Sharia-compliant factoring arrangements have been successfully
implemented and there is a growing interest in Islamic risk
management (using the IIFM/ISDA Master Tahawwut Agreement) and
structured investment products. Risk management tools in
particular are assisting the Sharia-compliant market to mature and
to mitigate the risk profile of issuers – something that was
not previously the case. Developments have also been seen
within the traditional fields of Sukuk evidenced by the growth of
"Project Sukuk" (notably that issued by Sadara to fund
the joint venture between Saudi Aramco and Dow Chemical) and
infrastructure Sukuk (notably that issued by the MRT in Malaysia to
fund expansion to the Kuala Lumpur metro) which are linked to, and
intended to fund, long-term development projects.
It is perhaps worth considering why new structures and asset
classes are appearing to support Islamic finance offerings.
The reason for this may be quite simple: as industry professionals
gain an increased understanding of the requirements of the Sharia,
scholars have gained greater freedom to turn their attention to new
structures and asset classes. The growing understanding of
industry professionals is in turn helping to drive this process
forward through the development of more sophisticated products and
new asset classes to present to scholars for their
consideration. This should bring greater diversity to the
investment opportunities within the Islamic sphere and create
opportunities for issuers and investors that have not previously
considered Islamic finance as a means to raise capital.
It is important to note that Islamic financing techniques are not
limited solely to Sharia-compliant companies or investors. In
fact, it is estimated that two-thirds of Sukuk issued are purchased
by conventional investors and there is nothing to suggest that
broker/dealers treat Sukuk any differently to how they treat
conventional bonds. Certain types of company – those
that are involved in Haram (forbidden) activities –
are naturally excluded from Islamic finance; but for most others
there is no restriction. It should also be noted that there
is nothing in the Sharia that says that the making of profit is
forbidden; it merely restricts the means by which such profit may
be made. Conventional investors have become ever-more
comfortable with the contractual arrangements and economic returns
available within Islamic structures. The development of the
Islamic financial market and industry professionals operating
within it has led to a reduction in the costs associated with
structuring and documenting Sharia-compliant products, adding to
the benefits of more attractive yields driven by pent-up
demand. All of these factors may encourage more companies to
look to Sharia-compliant methods of financing.
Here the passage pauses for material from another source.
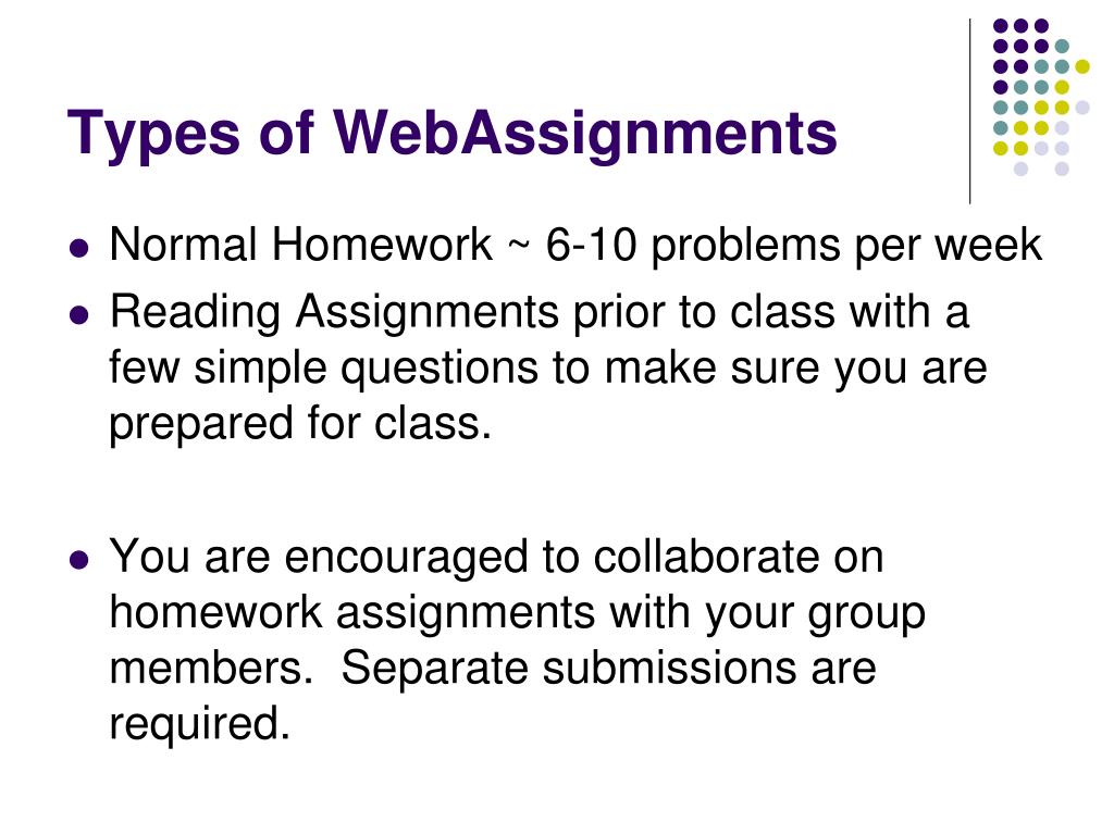 Types of WebAssignments • Normal Homework ~ 6-10 problems per week • Reading Assignments prior to class with a few simple questions to make sure you are prepared for class. • You are encouraged to collaborate on homework assignments with your group members. Separate submissions are required.

Perhaps the biggest fillip for the industry has come with the
announcement that the UK government intends to issue a Sukuk by
2015. Whilst the UK government won't be the first
government in Europe to issue Sukuk (Saxony-Anhalt was in 2005) it
will be the largest and most significant to date. The
projected issue size may be relatively small (estimated at
£200m) for a government issuance, but it nevertheless
illustrates the commitment of the UK to develop Islamic finance
beyond its traditional jurisdictions and to encourage other UK
companies to consider Islamic finance as a viable option in the
future. In order to do so, companies may need to be creative
in identifying assets to be utilised within a particular Islamic
structure but, as we have seen above, the ground-work has been
laid.
As the Islamic finance industry continues to develop and confidence
returns to the world economy more generally, there are many
opportunities for issuers to raise capital by Sharia-compliant
means. Whether this occurs through Sukuk issuance or by other
Sharia-compliant structures any potential issuer will need to be
able to identify assets that will underpin the structure
selected. Greater creativity and a deeper understanding of
Islamic finance by industry professionals should enable potential
issuers to identify asset classes that they had not previously
considered and therefore allow them to give serious consideration
to Sharia-compliant funding opportunities.